Survey questions related to the game engagement; from left to right: “did you like playing?”, “are the rules clear, simple and intuitive?”, “is the user interface clear, simple and intuitive?”; scores range from 1 (not at all) to 5 (very much).

6 Game Cultural Incentive Analysis

Given the cultural topic of the game, we hypothesize that an incentive to play is constituted by the interest in learning something new about Milan.

Fig. 4.
figure 4

Distribution of the time spent between levels of the same round per user.

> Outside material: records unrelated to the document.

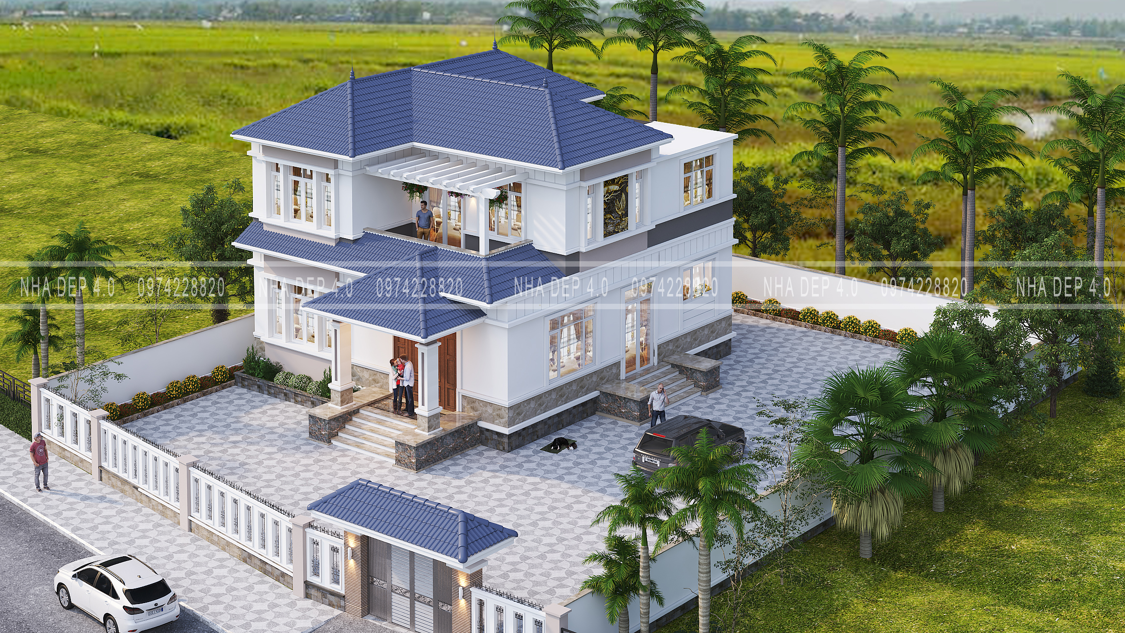 Mái ngói màu xanh dương kết hợp cùng tone màu trắng sứ nhẹ nhàng sẽ tạo nên sự liên kết nổi bật và hơi hướng hiện đại. Ngoài ra, ngôi nhà còn được sử dụng màu ghi tạo điểm nhấn trên các phần phân tầng, đầu cột. Thân nhà còn được bật lên bởi những gờ đắp nổi chạy xung quanh thân nhà và tạo điểm nhấn mạnh cho các hệ thống cửa sổ.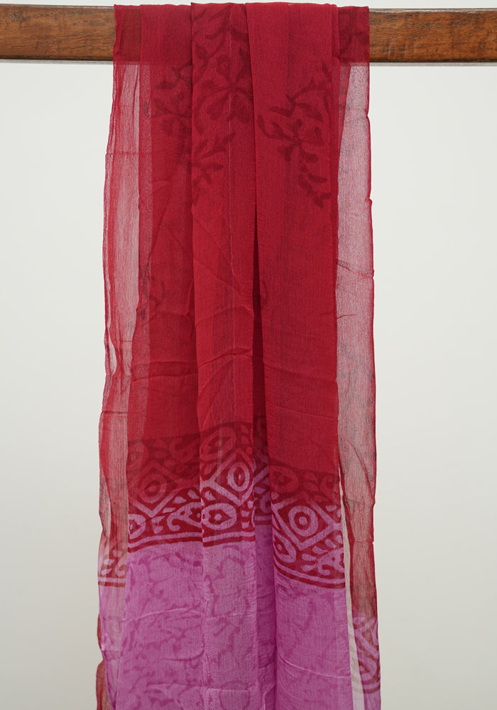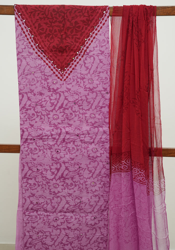 Purple and Red Unstitched Cotton Salwar Set With Mirror Work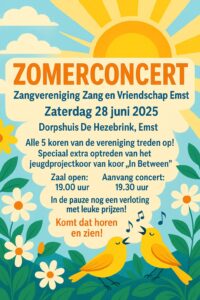 Alle 5 koren van onze vereniging laten weer van zich horen. Een speciaal optreden is er van ons koor In Between wat met een projectkoor enkele nummers ten gehore zal brengen. De zaal is open om 19:00 uur en in de pauze (van 20:30-21:00) zal er een verloting plaats vinden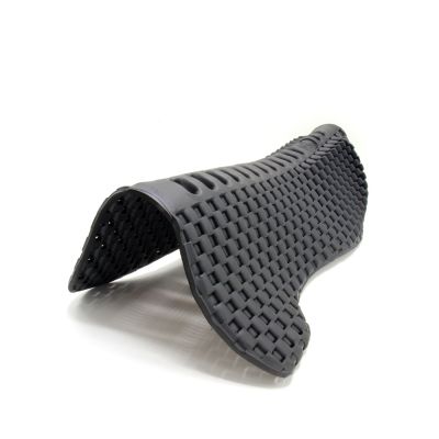 This pad is anatomically shaped, offers excellent shcock absorption properties, and provides a rear riser for saddles requireing stabilization and additional padding. The new thermoplastic material offers a low-profile but highly effective and extremely lightweight padding, without creating bulk under the saddle. The innovative structure of these pads has a multitude of little bulges with lateral holes permitting afree flowing, horizontally directed air circulation. The main benefit of this structure is that the bulges create a shock absorbing every time they are compressed and released by the movement of the horse. As a secondary benefit, this compression and release process generates a flow of refreshing air which keeps the back of the horse dry.

6.1 Analysis of “Learning” Time

During the gameplay, the players can learn more about the assets they are playing with: at the end of each level, when the names of the 4 depicted assets are displayed, and at the end of the round, when the assets are visualized on a map. We analyze the time spent between levels of the same round and the time spent between consecutive rounds; we can consider those intervals as the actual learning time. Figure 4 shows the distribution of the time between levels (summed on the round); the graph is cut at 2 min, but the between-levels time goes up to almost 7 min. The curve decreases very quickly, in most cases only 2–3 s are spent between levels, but we can notice that sometimes users spent a considerable longer time. We can speculate that in those cases, the players exploited the links to the catalogue records.

Whenever a user plays two game rounds within an interval of 15 min, we consider those rounds are consecutive. The time-between-rounds distribution shows the already observed tendency, with a visible group of between-rounds intervals around 40 s, which we can attribute to the most “curious” users that spent some time to explore the asset map.

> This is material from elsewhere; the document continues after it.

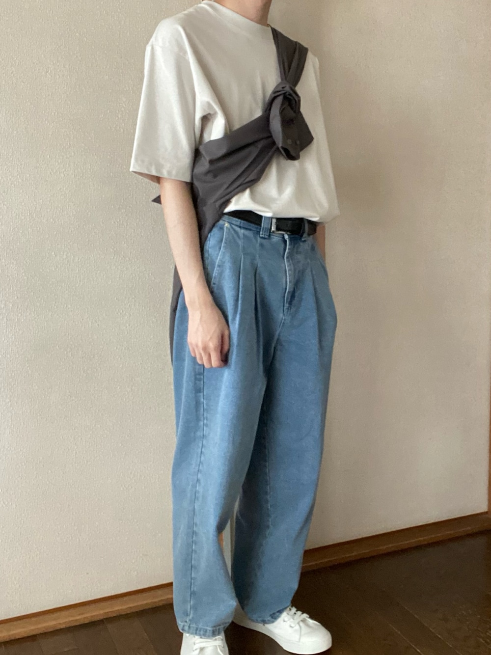 【 たすき掛けコーデ 】 暗めのシャツを使って たすき掛けをしてみました! 着用しているRUUBONのデニムが シルエットも良くて着回ししやすい◎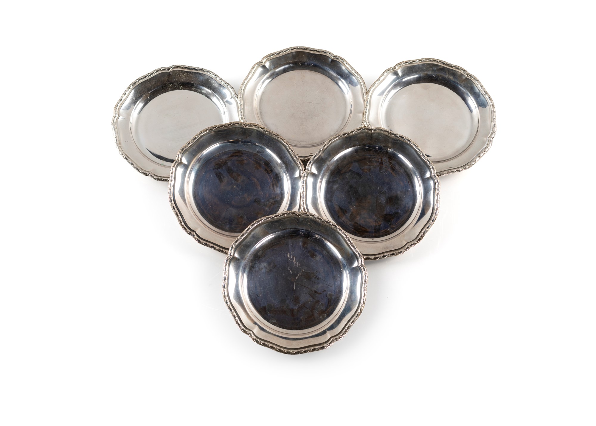 Sei piatti da dessert in argento - con profilo sagomato percorso da foglie. Segni d'uso. - diametro cm 19 - gr. 1214

6.2 Analysis of Learning Effect

It is worth noting that, at the end of each game level, the player not only learns if his/her answer was correct but can also see the asset names for the four photos (cf. top-right screenshot in Fig. 1). Since it can happen that the same image appears more than once as distracting option, over time this can cause the player to learn recognizing some of the assets. We evaluate this possible learning effect by measuring the average number of correct guesses per round as a function of the number of played round. We notice that the players’ precision actually improves along with the game rounds; using a simple linear regression model, we can estimate this improvement in 1.1 % per played round.

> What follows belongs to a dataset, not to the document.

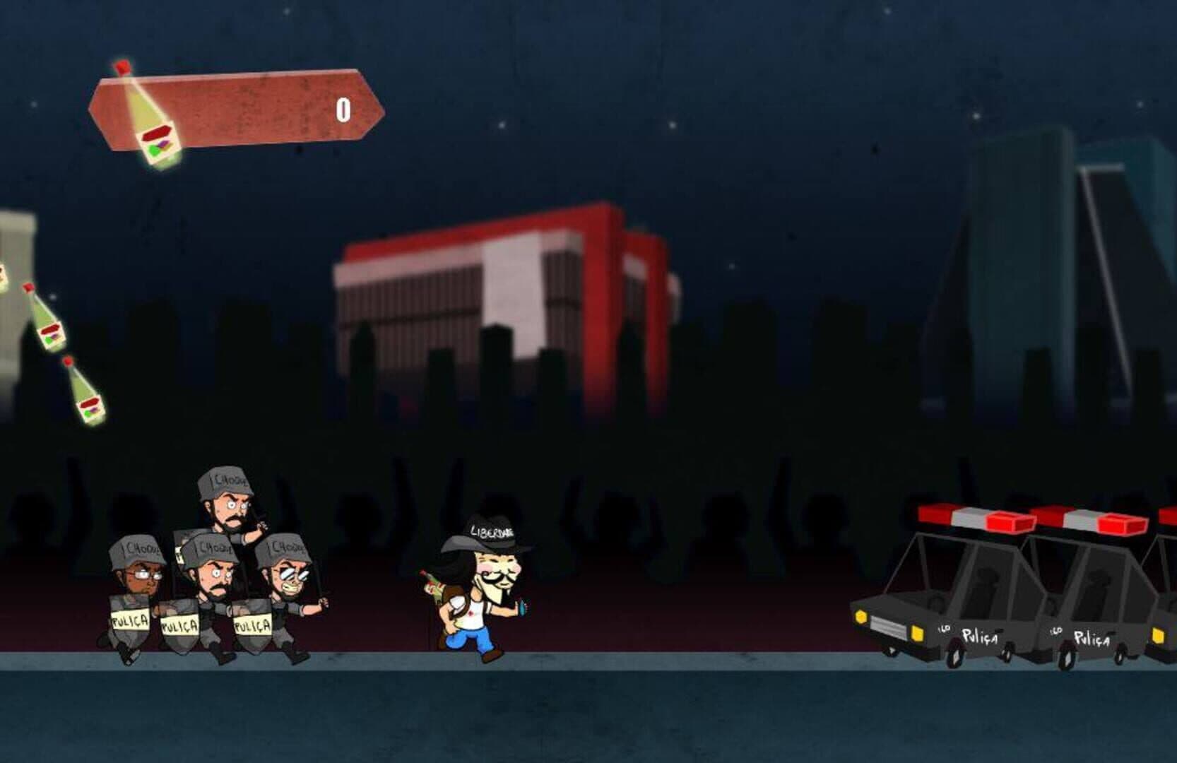 V de Vinagre was a web browser endless runner based on an event during the 2013 protests in Brazil, where more than 60 protesters were arrested in June for carrying vinegar as a home remedy against the tear gas and pepper spray used by police.

6.3 Subjective Analysis of the Educational Incentive

Some of the questions in the already mentioned survey are aimed to evaluate the educational incentive of the game, as shown in Fig. 5. The question displayed on the left investigates the incentives to continue playing as perceived by the users. While the main game features are among the highly rated incentives, it is interesting to notice that 27 % of players stated that learning new things is a stimulus to play the game. This is further proved by the question on the right in Fig. 5, asking the participants whether they learned anything new about Milan while playing. The responses distribution clearly shows that an “educational” effect was strongly perceived by Indomilando players. We can conclude that Indomilando has an evident educational “collateral effect” that makes players acquire new knowledge about cultural heritage assets.

Fig. 5.
figure 5

Survey questions related to the game incentives; on the left “what motivated you to play the game?”; on the right “did you learn anything new about Milan?” (1 = not at all, 5 = very much).

7 Conclusions

In this paper, we presented the design, development and evaluation of Indomilando, a cultural heritage GWAP aimed to rank the assets and the photos of the collection of historical-artistic architectures of Milan. Our evaluation results support our claims that: (1) the game is effective in achieving its ranking purpose, because the resulting rank is highly correlated to a ground truth and this outcome is achieved in a very limited time; (2) Indomilando shows a good engagement potential, because most players find the game fun and we also notice a user group that spent a significantly high time in playing; and (3) the game also leads to a learning/educational effect, because players are motivated to acquire new knowledge about the Milan cultural heritage. The interplay of the ranking purpose and the educational incentive, however, is to be further investigated.